Fleming previously had agreed to sell all the facilities to C&S; for $400 million. Terms of the sales were not disclosed.
Siebel settles civil suit filed by La. pension plan
Siebel Systems Inc., which was sued last year by the Teachers' Retirement System of Louisiana over executive pay, said yesterday that it had settled the civil case by agreeing to disclose more information, add directors to committees and pay $900,000 in legal fees.
The business software provider and the Teachers' Retirement System were headed for a Nov. 3 trial to determine whether Siebel lavished its board with stock options to the detriment of rank-and-file shareholders.
United Airlines to restore Pacific flights next month
United Airlines said yesterday that it will restore all trans-Pacific flights next month, including those from Hong Kong, as it attempts to recover from the sharp downturn in air travel caused by SARS.
The world's No. 2 carrier cut 75 percent of its flights into and out of Hong Kong at the peak of the severe acute respiratory syndrome outbreak, said Mark Schwab, a United vice president.
United's chief executive, Glenn F. Tilton, who begins a two-day trip to Beijing today, said he will hold talks to help United expand into the booming mainland Chinese aviation market.
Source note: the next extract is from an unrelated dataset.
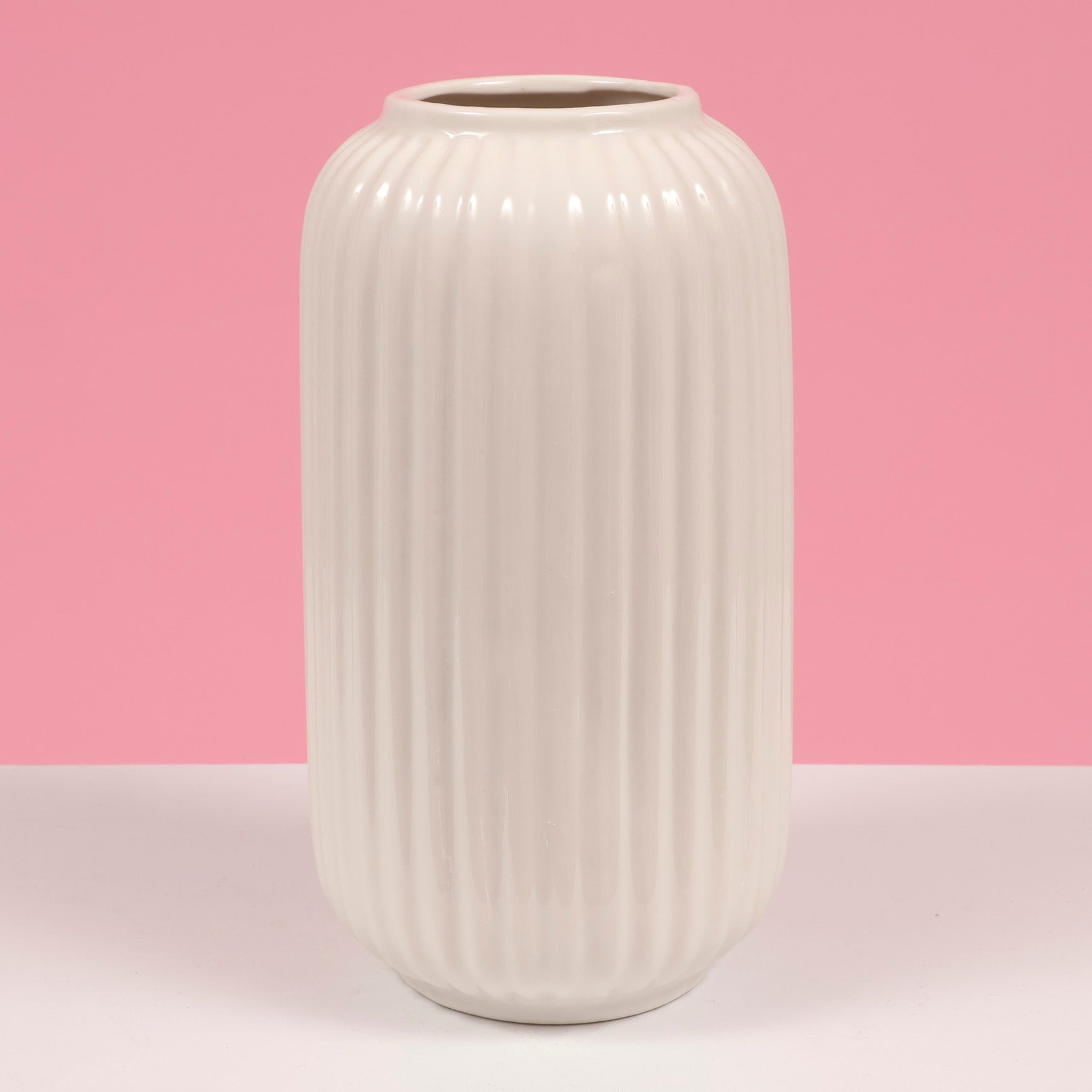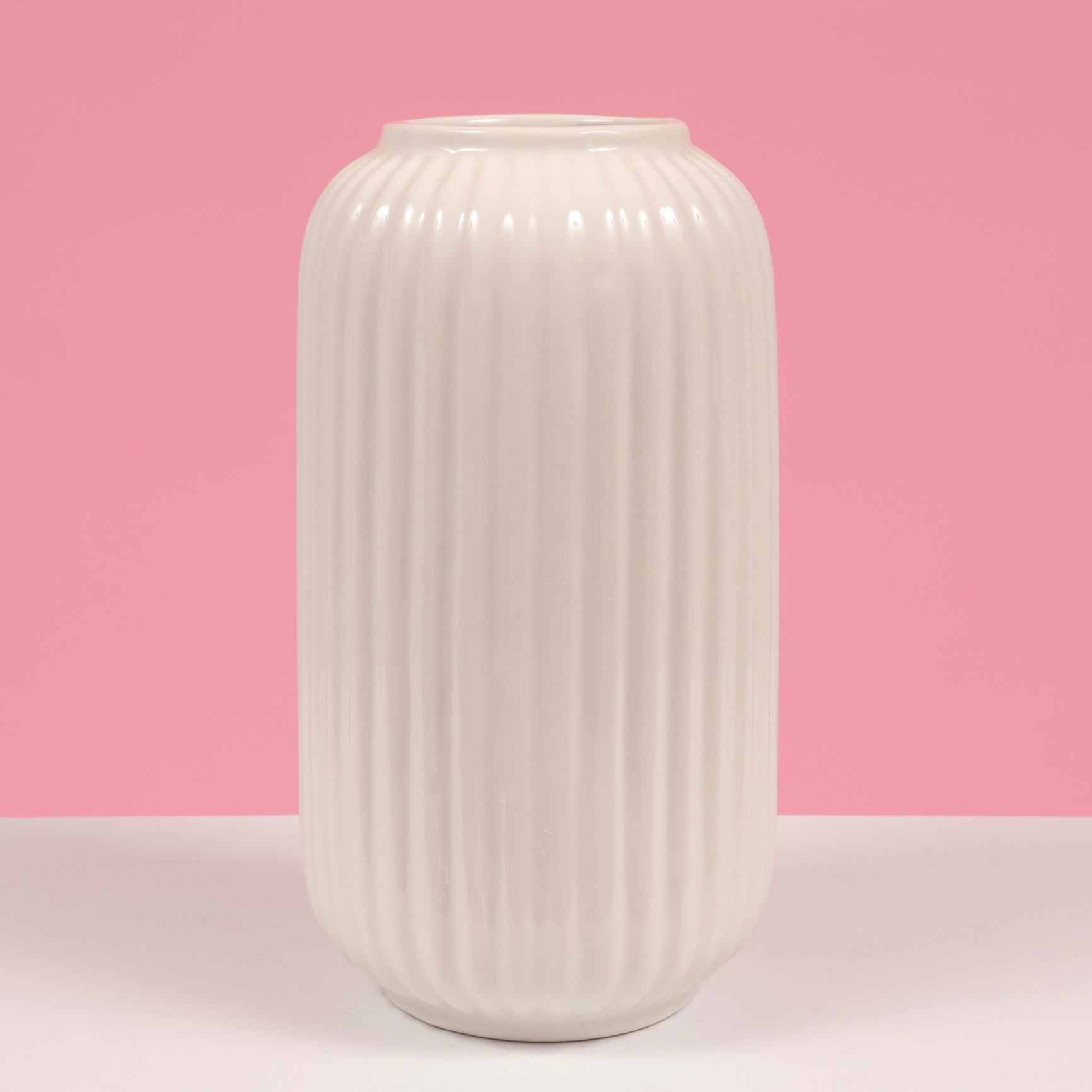 Ribbed Ceramic Centrepiece Vase - White (11x21.5cm)

The airline earns 17 percent of its revenue from trans-Pacific routes.
Target discount stores expect sales to rise 4%-5%
Target Corp.'s sales were well above plan last week as strength at its namesake discount stores continued to drive growth, the company said yesterday.
For all of August, Target expects sales growth of 4 percent to 5 percent at Target stores, with same-store sales for the total corporation 1 percentage point to 1.5 percentage points below that.
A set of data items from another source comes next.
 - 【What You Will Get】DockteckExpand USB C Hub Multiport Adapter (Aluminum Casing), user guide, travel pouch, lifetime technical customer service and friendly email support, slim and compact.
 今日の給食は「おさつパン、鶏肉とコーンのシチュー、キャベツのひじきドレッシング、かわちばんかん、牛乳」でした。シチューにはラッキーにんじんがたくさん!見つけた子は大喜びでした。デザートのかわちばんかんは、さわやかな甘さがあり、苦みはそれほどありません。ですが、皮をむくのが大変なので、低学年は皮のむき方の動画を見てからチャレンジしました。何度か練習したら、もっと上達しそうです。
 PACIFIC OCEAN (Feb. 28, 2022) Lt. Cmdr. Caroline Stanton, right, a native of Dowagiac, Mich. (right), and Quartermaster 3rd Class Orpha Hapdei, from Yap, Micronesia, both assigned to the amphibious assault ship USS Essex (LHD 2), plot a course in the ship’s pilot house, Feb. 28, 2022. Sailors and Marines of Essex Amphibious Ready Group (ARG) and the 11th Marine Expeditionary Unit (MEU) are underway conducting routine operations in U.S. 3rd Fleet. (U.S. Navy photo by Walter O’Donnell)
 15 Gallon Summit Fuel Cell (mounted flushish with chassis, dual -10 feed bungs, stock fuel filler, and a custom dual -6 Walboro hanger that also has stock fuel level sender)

Target stores, which are tracking well above expectations for the month, have offset weaker results at the company's Mervyn's and Marshall Field's stores for the month so far, the retailer said.
Electronic Data Systems might cut additional jobs
Electronic Data Systems Corp. said in a regulatory filing that it might cut additional jobs beyond the 2 percent work force reduction it announced in June. But a spokesman warned that the company hasn't reached a decision about making additional job cuts. The previously announced layoffs amounted to 2,700 at EDS, which manages computer systems for other companies and government agencies.
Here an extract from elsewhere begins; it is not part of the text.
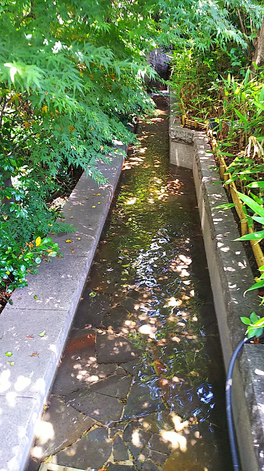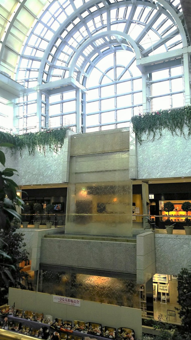 本館地下フロアの広場に流れ出る滝は夏には涼やかな環境を演出してくれます。(上)そして本館上層階2層分にも滝が流れ落ち、レストラン街では透明な滝の裏側を見ることもできます。
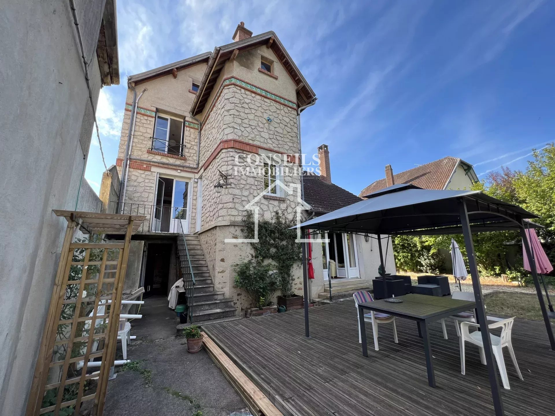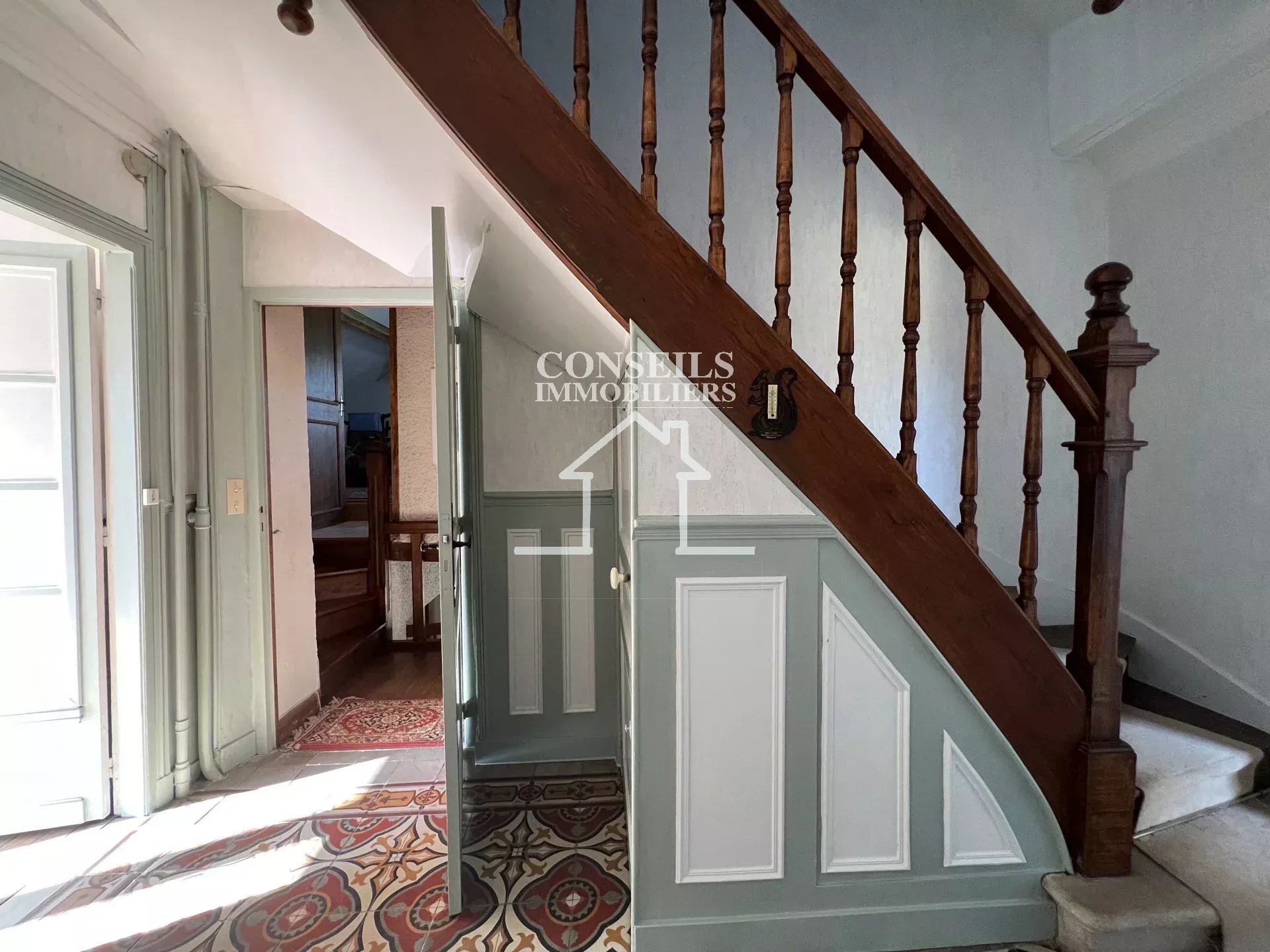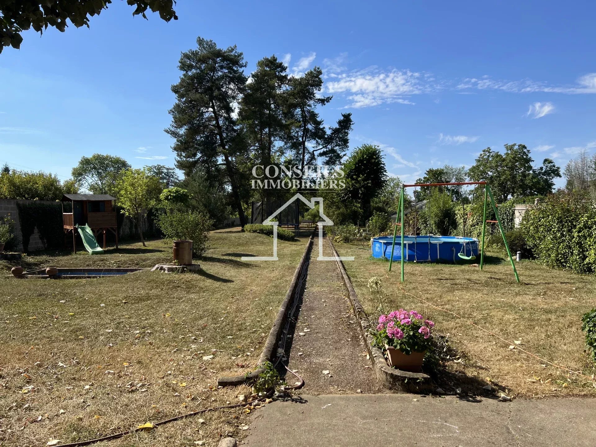 MAISON DE CARACTÈRE LUMINEUSE AVEC DE BEAUX VOLUMES. Celle-ci offre un très beau jardin avec des arbre fruitiers vous pourrez profiter de la terrasse pour l'admirer. Cette ancienne MAISON offre une entrée, cuisine aménagée, salle à manger-salon avec cheminée donnant accès au jardin. 4 chambres, une salle d'eau/wc, salle de bain. wc. 1 pièce de 29,66m² avec fenêtre et velux. Grenier compartimenté avec 2 pièces dont une avec fenêtre. Double vitrage sur l'ensemble. Sous-sol compartimenté: garage, chaufferie, wc, débarras. Cave. Dépendances.

The EDS spokesman said there could be additional layoffs if redundant jobs and processes are discovered, but he said the filing with the Securities and Exchange Commission does not mean that more layoffs are imminent.
Part-time workers reach record level in Japan
Reflecting the increasingly austere business climate in Japan, part-time or temporary employees now make up roughly a quarter of the work force, according to government figures released Tuesday.
The number of non-regular employees - part-time, temporary or contract workers - in Japan reached a record 14.5 million in 2002, according to a government report.
The report put the total size of the work force at 63.2 million, including 34.9 million regular, full-time employees.
Australian nickel firm signs $650 million China pact
WMC Resources Ltd., the world's third-largest nickel producer, said it has signed a 1 billion Australian dollar ($650 million) nickel supply contract with Jinchuan Group Ltd., China's dominant nickel producer.
The Australian producer will supply nickel-in-matte, or partially processed nickel, from Western Australia to Jinchuan over six years.
From 2005, WMC will divert significant sales directly into China when existing contracts with Japan's Sumitomo Metal and Mining Co. expire. As a result, Jinchuan will replace Sumitomo as WMC's largest nickel-in-matte customer.
This column was compiled from reports by Sun staff writers, the Associated Press and Bloomberg News.